To examine whether the specificity of template-switching is dependent on temperature , we varied in the next experiment the temperature of the reverse transcription from 37 to 57°C. To further confirm the robustness of our observations across different RNA samples, we prepared these libraries from total HeLa cell RNA. High temperatures of 52 and 57°C caused the formation of large numbers of oligonucleotide artifacts (tag dust) with all types of oligonucleotides (42 ± 11% of all the reads, Additional file 1: Table S1). The annotation of the aligned reads also indicated that lower temperatures at 37°C or 42°C are preferable for RNA and LNA mediated template-switching reactions (Figure 1D). The experiment confirmed with a human RNA source that shifting from RNA to LNA reduces the promoter rate while increasing the coverage of tags mapping within transcripts regardless of the temperature. We explain the higher number of tags aligning within known regions in this experiment compared with the previous one using rat muscle RNA by the better annotation of the human genome in comparison with the rat genome.
Our results indicate that the cap-specificity of template-switching reactions depends on the nature of the nucleotides interacting with the first-strand cDNA during the template-switching reaction. Interestingly, RNA nucleotides give the highest cap specificity. While DNA/LNA duplexes are also expected to be more stable than DNA/DNA duplexes  they showed clearly reduced cap specificity as compared to RNA nucleotides. Therefore, the binding affinity alone does not explain the cap specificity during template-switching reactions. The yield of template-switched cDNAs was also higher with oligonucleotides ending with R3 compared with D3 and L3 (Table 1). We therefore hypothesize that the RNA template-switching oligonucleotides are more efficient with capped templates. A key difference is that capped templates induce the reverse-transcriptase to extend the first-strand cDNA with cytosines because it reverse-transcribes the cap [16–18], while with non-capped templates, extensions are more rare , or of a different nature [19, 20]. We speculate that only the presence of DNA/RNA base pairs facilitate template-switching at capped ends, and that DNA-DNA, DNA-LNA and DNA-RNA oligonucleotides have the same efficiency on blunt RNA/cDNA hybrids. The higher promoter rate with R3 would therefore reflect an additional production of template-switched cDNAs from capped templates. This dilution of the non-cap-specific signal would also explain the lower proportion of strand invasion in R3.

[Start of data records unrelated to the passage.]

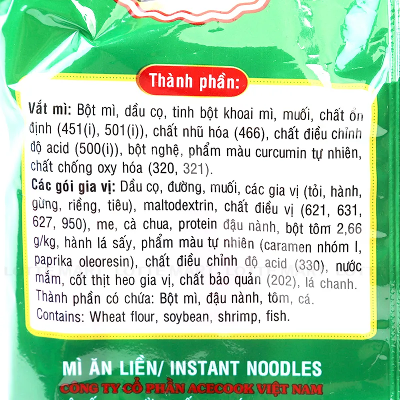 - CÁC GÓI GIA VỊ - Dầu thực vật (dầu cọ, chất chống oxy hoá (BHA (320), BHT (321))), đường, muối, hành, các gia vị, chất điều vị (mononatri glutamat (621), dinatri 5'-inosinat (631), dinatri 5'-guanylat (627), disodium succinate), cà chua, me, maltodextrin, tôm 2,75 g/kg, hành lá sấy, chất tạo màu tổng hợp (caramen nhóm I (150a), paprika oleoresin (160c)), thịt heo, lá chanh, chất tạo ngọt tổng hợp (acesulfam kali (950)), chất bảo quản (kali sorbat (202)).
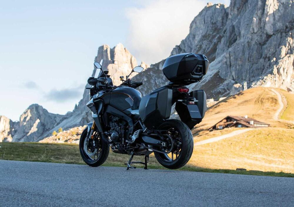 Interessante la possibilità di poter dotare la Tracer 9 GT degli accessori presenti nel Travel Pack Pro, che prevede oltre al bauletto da 45 lt con schienalino, anche le selle confort (con quella del guidatore riscaldabile), il parabrezza maggiorato, i fendinebbia, le protezioni per motore e radiatore, una presa USB aggiuntiva e un prolungamento del cavalletto.
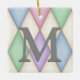 Cet élégant ornement personnalisé a un grand monogramme sur un motif arlequin de diamants rose, bleu, vert, violet et crème. Écrivez votre message personnalisé au dos d'un arrière - plan en détresse.
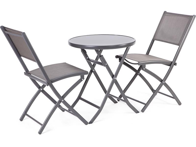 Balkónový set se skládá ze 2ks židlí a stolu Technické parametry: - Rozměry stolu: 60 x 60 x 71 cm - Deska stolu z černého tvrzeného skla - Materiál stolu: kovová konstrukce - Rozměry židle: 57 x 47 x 76 cm (2 ks v balení) - Materiál židle: ocelová konstrukce - Výplň židle z odolné umělé textílie - Nosnost židle 100 kg - Pro venkovní i vnitřní…
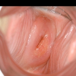 妊娠のチェックだ。左右の膣壁がぴったりと密着して子宮口がはっきりと見えない。チンポで膣壁を掻き分けて進むと気持ち良さそうだ。直後バイブがズブリ。
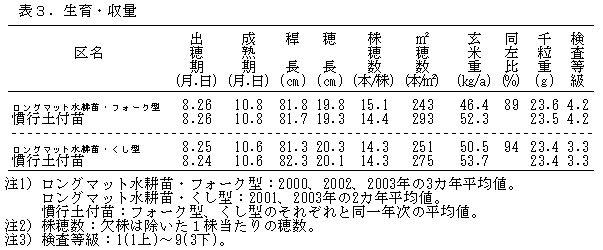 ロングマット水耕苗は、植え痛みにより活着が若干遅れるが、出穂期、成熟期は慣行土付苗とほぼ同じになる(表3)。
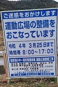 18日(金)、小学校に閉校記念碑の設置作業がありました。中学校には、閉校と開校をあわせた記念碑ができます。
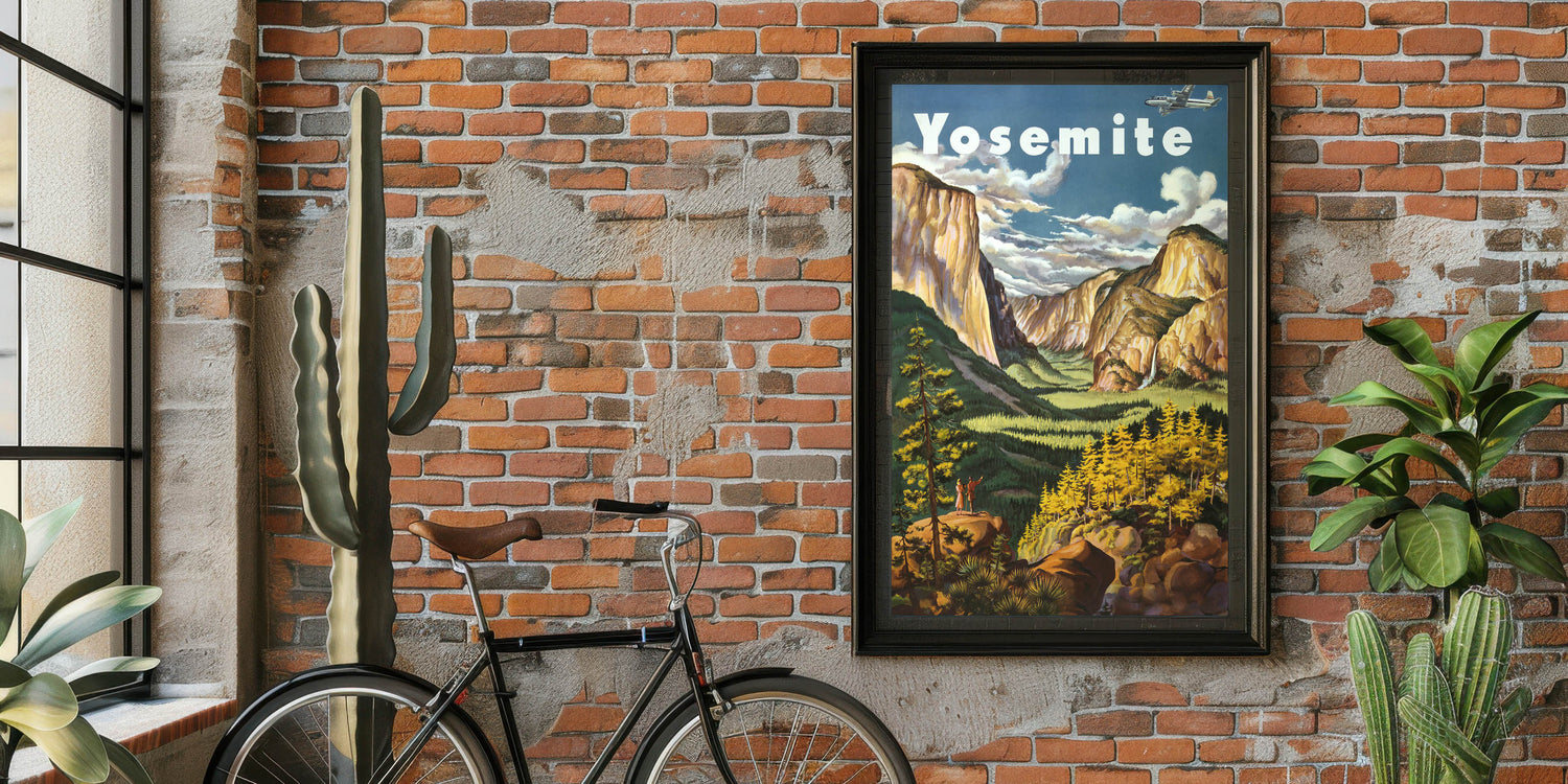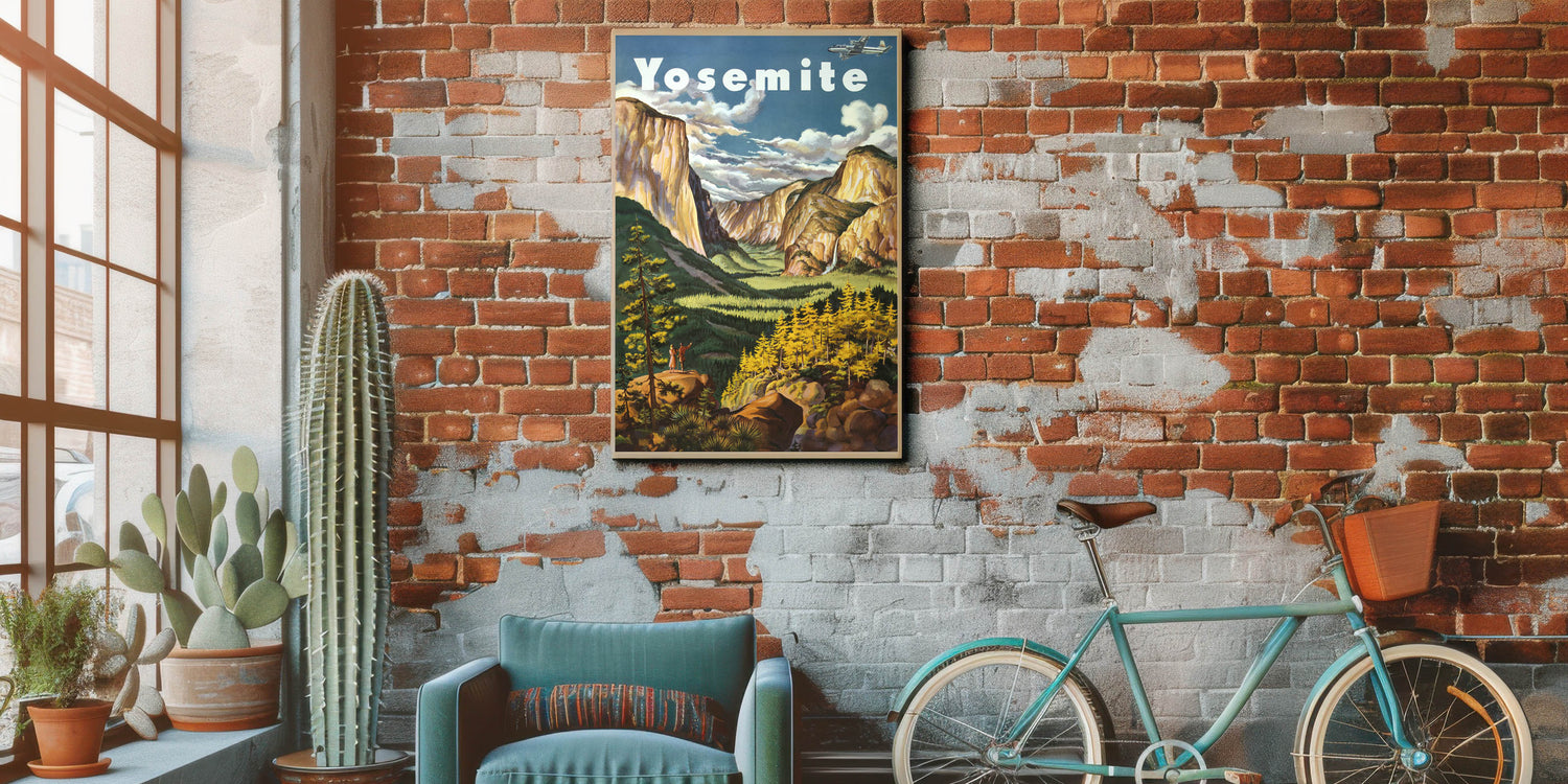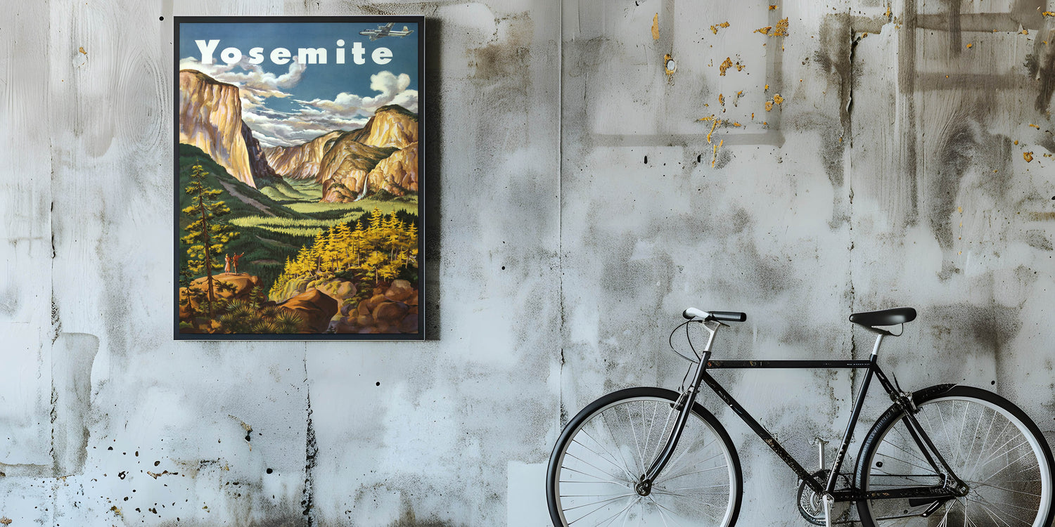 - Timeless Travel Art: A vintage depiction of Yosemite’s majestic landscape, perfect for those who appreciate iconic travel decor.
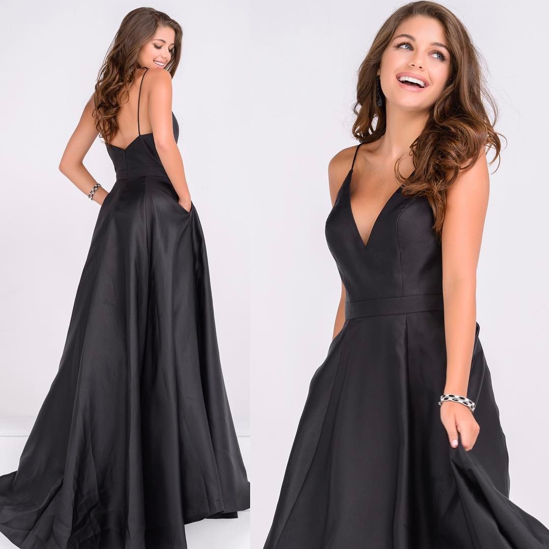 Black Spaghetti straps Prom Dress with Pockets, Open Back Satin Prom Dresses, Wedding Party Dress, Evening Party Gowns, Wedding Guest Dresses, 333

DNA oligonucleotides have the strongest tendency for strand-invasion, found in almost 75% of the alignments, which makes them impractical for cap selection. A careful assessment of the impact of these strand-invasion artifacts would be necessary before using DNA oligonucleotides for expression profiling. In addition, a large number of the remaining reads did not align in known genes, resulting in a net loss of usable reads for digital expression analysis and for template-switching-based methods in general. Compared to DNA-based libraries, RNA and LNA-based libraries had a deeper coverage over gene bodies, which in the case of LNA comprises mostly non-promoter, exonic signal (Figure 1A). While no longer providing the promoter/TSS specificity of nanoCAGE, LNA-mediated template-switching could become an option in the preparation of digital expression libraries or revised versions of RNA-seq protocols . Further work would be needed to assess whether LNA-mediated template-switching could be preferable for digital expression profiling starting from partially degraded RNA samples, where the cap structure of many transcripts has been lost.
All nanoCAGE libraries were prepared in technical triplicates according to . To simplify the library preparation, we used only two different numbers of PCR cycles (Table 1), instead of optimizing for each sample. As a consequence, the number of reads per sample was not optimally balanced. Another possible reason may be that we pooled the barcoded samples (see below and Additional file 1: Table S1) by using 80 ng of an equimassic mixture (not equimolar) of the cDNA PCR products, as templates for the Library PCR (See Salimullah et al., 2011  for details). Nevertheless, this does not affect our analysis since we either normalized the total number of reads, or used methods that are robust to variations of sequencing depth.
The sequences of the template-switching oligonucleotides sequence were as follows, where bases are desoxynucleotides except signaled by a lower case “l” for LNA and “r” for RNA, and where XXXXXX is a sample barcode of sequence CACTGA, GCTCTC or TCGCGT for R3; ATCGTG, CACGAT or GTATAC for D3; ACAGAT, CTGACG or GAGTGA for L1; AGTAGC, GCTGCA or TCGAGC for L2 and ATCATA, CGATGA or TATAGC for L3. The 8 N bases are a unique molecular identifier [21, 22], which was not used in this analysis.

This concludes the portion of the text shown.